Saturday, June 03, 2006


Pacific Business News urges "Ditch the interns"

With the legislative session over (unless there is some action to override any vetoes), attention is moving toward the November elections. At the same time, driven to a large extent by advocates equipped with computers and a passion for change, a reform movement is taking root in Hawaii.

It began as a result of the failure (yet again) of the legislature to pass a clean elections bill and the pro-industry actions of certain committee chairs. There's clearly a link between industry payoffs to legislators and the influence they have had this past session. Previously, if a popular bill succeeded, there was celebration--if not, a determination to try again next year. Few tried to learn why the deck seemed stacked against them.

This session has been different. A spotlight has been aimed at irregularities in the Democratic process, particularly in the state House of Representatives. And the intrusive glare didn't go off when legislators locked the doors of the House and headed home.

A business intern's real loyalties lie with the company for whom he or she works.
it's hard to imagine one of them giving input or advice to a legislator
that would run counter to his or her company's best interests.

-- PBN

Yesterday's Pacific Business News editorial entitled "Ditch the interns and just hire a lobbyist" is unusual because the editors have not allowed the issues raised in this past legislative session to evaporate into the usual post-session journalistic amnesia. It's June already, well past the time when the dailies have printed their "report cards" and closed the book on the 2006 session. PBN is supporting the fine work of its reporter Kristen Consillo as she continues coverage of the behind the scenes shenanigans that have marred this past session.

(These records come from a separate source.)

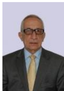
Evangelos Tsouroulis, Presidente de CCBE en 2013

El Consejo de la Abogacía Europea (CCBE), se ha mostrado alarmado ante revelaciones recientes sobre la vigilancia sistemática de los ciudadanos europeos por parte de sus gobiernos, pidiendo a las instituciones europeas que defiendan la confidencialidad de las comunicaciones abogado-cliente. Los informes de violaciones masivas del derecho fundamental a la privacidad indican que las comunicaciones protegidas por el secreto profesional se han visto igualmente afectadas. Las preocupaciones de CCBE han quedado recogidas en un nuevo posicionamiento, aunque la UE y sus Estados miembros han fallado a la hora de abordar de manera satisfactoria estas alegaciones respecto al derecho a la vida privada recogida por los artículos 7 y 8 de la Carta de Derechos Fundamentales de la UE y la Directiva 1195/46/CE de Protección de Datos. CCBE recuerda la sentencia del TJUE en el asunto AM&S, de 1982, que aborda el tema de la confidencialidad, que implica el derecho de cualquier persona a consultar a un abogado, y a la protección de la confidencialidad de las comunicaciones entre abogados y clientes, inherente a la naturaleza misma de la profesión de abogado, y que contribuye a mantener el Estado de Derecho y el respeto al derecho de defensa. CCBE urge a las instituciones europeas a actuar protegiendo la confidencialidad de los intercambios entre un abogado y su cliente usando todos los medios a su alcance, incluyendo instrumentos de Derecho europeo e internacional.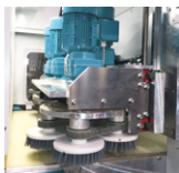
Das Profi Disk Aggregate als optionales Zusatzaggregat am Ein- und/oder Auslauf der Maschine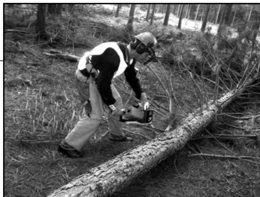
Curso de trabajadores forestales, Piedras Coloradas

Amaneció un precioso domingo de sol. Nos encuentra en plena ruta 3 llegando a Young. La ruta 3 nos engancha con la 25 que nos hará pasar por Menafra y después ya iremos entrando a tierras de forestación, llegando a Algorta, un enclave de la Caja Notarial, donde desarrolló un complejo forestal, muy anterior a la ley de estímulo a este monocultivo.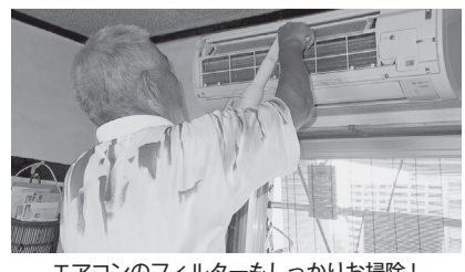
エアコンのフィルターもしっかりお掃除!

問合せ ボランティアセンター 高齢者や障がいのある方などが、蛍光灯の交換や小さな家具の移動など、ちょっとした困りごとがあったときに地域のボランティアがお手伝いをするサービスです。

In addition to the controversy over "embedded interns," this session saw a marked escalation in the number of measures and amendments pushed forward by legislators without public access. The House's subtrefuge will be costly to small businesses and employees. Rep. Bob Herkes supported the insurance industry in removing the shackles of regulation. He was also nearly successful in short-circuiting the ability of public sector employees to get a hearing before the Insurance Commissioner on health insurance denials. This will cost us.

What was HMSA intern Mark Forman's advice on health insurance legislation that came to Herkes' committee? Is it possible to believe that he never involved himself in his area of specialty? The House refused to hear its version of the bill removing the sunset clause on the regulation bill. Did anyone ask Forman what he said about that? After all, he was the ranking expert in the House on health insurance matters. It would be odd, wouldn't it, if people only asked him about construction issues or his views on the gas cap. So what exactly did he say and to whom, this session?

Although the Ethics Commission has been asked to look into Forman's role as Herke's intern, unless the Commissioner has been lurking behind the curtains in his office it will be hard to learn what they might have whispered to each other every day. No doubt they shared many an intimate tete-a-tete (after all, the guy spent almost as much time in Herkes' office during the week as he spent awake at home), but alas, only the NSA might know what they talked about. This does not bode well for any of the ethics complains to succeed.

Herkes himself, according to PBN articles, holds that health-industry lobbyists essentially wrote the provisions in the controversial amendments themselves. Those amendments benefitted the industry hugely. To let industry officials help shape legislation behind the scenes is bad enough, but admitting it may get Herkes clear of ethics charges. In terms of the public interest, it's hard to say Herkes has done his job for the people, though HMSA and Kaiser must be absolutely thrilled with him.

PBN has taken the lead in keeping the public informed on the embedded lobbyist issue. More power (and subscribers) to them.